Salsa berlari sejauh mungkin.
Hatinya begitu sakit mendengar perkataan mamanya Bian, dia tau kalau mamanya Bian itu tidak suka sama dirinya tapi kenapa harus membawa-bawa orang tuanya? Tidak cukupkah dirinya saja yang dihina tidak punya kelebihan apa-apa,haruskah orang tuanya juga ikut dihina?
Meskipun dia sering marah kepada orang tuanya tapi Salsa juga tidak akan pernah menerima seseorang menghina orang tuanya, orang tuanya tidak ada di rumah juga karena kerja bukan karena apa-apa.
Salsa sampai di sebuah taman dan duduk bersembunyi dibelakang salah satu pohon yang cukup rindang disana.
Salsa menekuk lututnya dan menangis tersedu-sedu, hatinya terlampau sakit mendengar perkataan mamahnya Bian. Apakah dirinya begitu buruk di mata beliau?
Salsa sudah cukup menahannya dari lama tapi sekarang dia sudah tidak bisa menahannya lagi, perkataannya sudah terlalu keterlaluan.
"M-mama... P-papa... Ak-aku k-kangen..." Salsa menangis memanggil orang tuanya.
Jujur dalam lubuk hatinya dia begitu merindukan orang tuanya yang sudah sebulan tidak bertemu dengannya,apalagi dirinya ini adalah anak tunggal. Dulu saat masih kecil ketika kedua orangtuanya lembur di rumah sakit dia akan dititipkan di rumah neneknya dari pihak ayah, karena dia akan sendirian dirumah.
Meskipun tujuannya biar ada yang menemani dirinya tapi sebenarnya sama saja, karena di rumah neneknya juga orang-orang semuanya sibuk dengan urusan masing-masing.
Salsa yang masih kecil saat itu tentu saja merasa kesepian, dia mau bermain dengan orang tuanya seperti teman-temannya yang lain, dia juga mau piknik bersama dihari minggu bersama orang tuanya, dia juga mau diajari naik sepeda oleh papanya, dia juga mau diantar jemput ke sekolah oleh mamahnya, dia juga mau dibuatkan bekal oleh mamahnya.
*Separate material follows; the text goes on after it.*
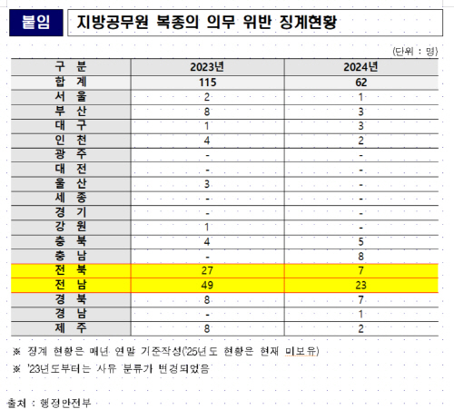 더불어민주당 이상식 의원(국회 행정안전위원회)이 행정안전부로부터 제출받은 ‘2023~2024년 지방공무원 복종의 의무 위반 징계 현황’ 자료를 분석한 결과, 지난해 징계 115건 중 전남이 49건(42.6%), 전북이 27건(23.5%)으로 두 지역이 전체의 66%를 차지한 것으로 집계됐다.
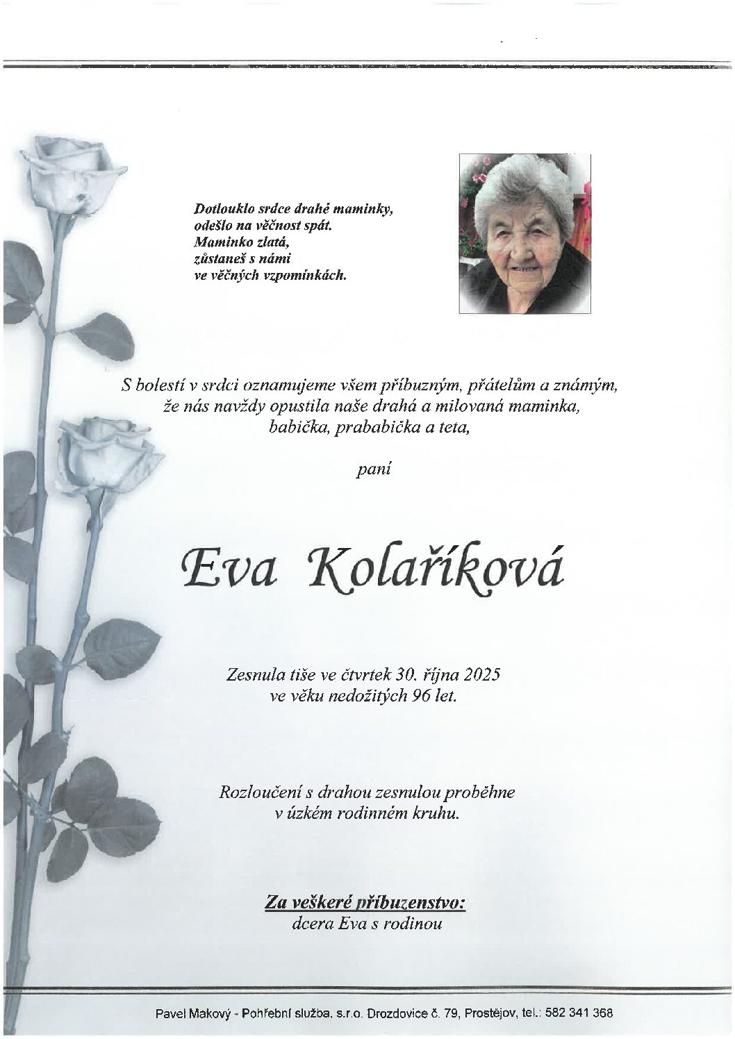 úterý 4.11.2025 ve 13.00 hodin OS Brněnská 104, kremaceČíst více

Tapi itu semua tidak terjadi, Salsa lebih sering bermain dengan pekerja di rumah neneknya, dia belajar naik sepeda sendiri sampai terjatuh berkali-kali, dia juga sering melakukan piknik -piknik kecil di halaman belakang rumah neneknya, dia lebih sering diantar jemput oleh supir, dan dia lebih sering makan di kantin daripada memakan bekal dari rumah.
Semua itu terjadi sampai dirinya kelas 3 SMP, saat masuk kelas 1 SMA hidupnya mulai cukup berwarna karena kehadiran Wiya di rumahnya.
Saat Wiya memutuskan untuk tinggal di rumahnya semasa kuliahnya, saat itu jugalah Salsa tidak pernah merasakan apa yang namanya kesepian karena Wiya selalu ada disampingnya.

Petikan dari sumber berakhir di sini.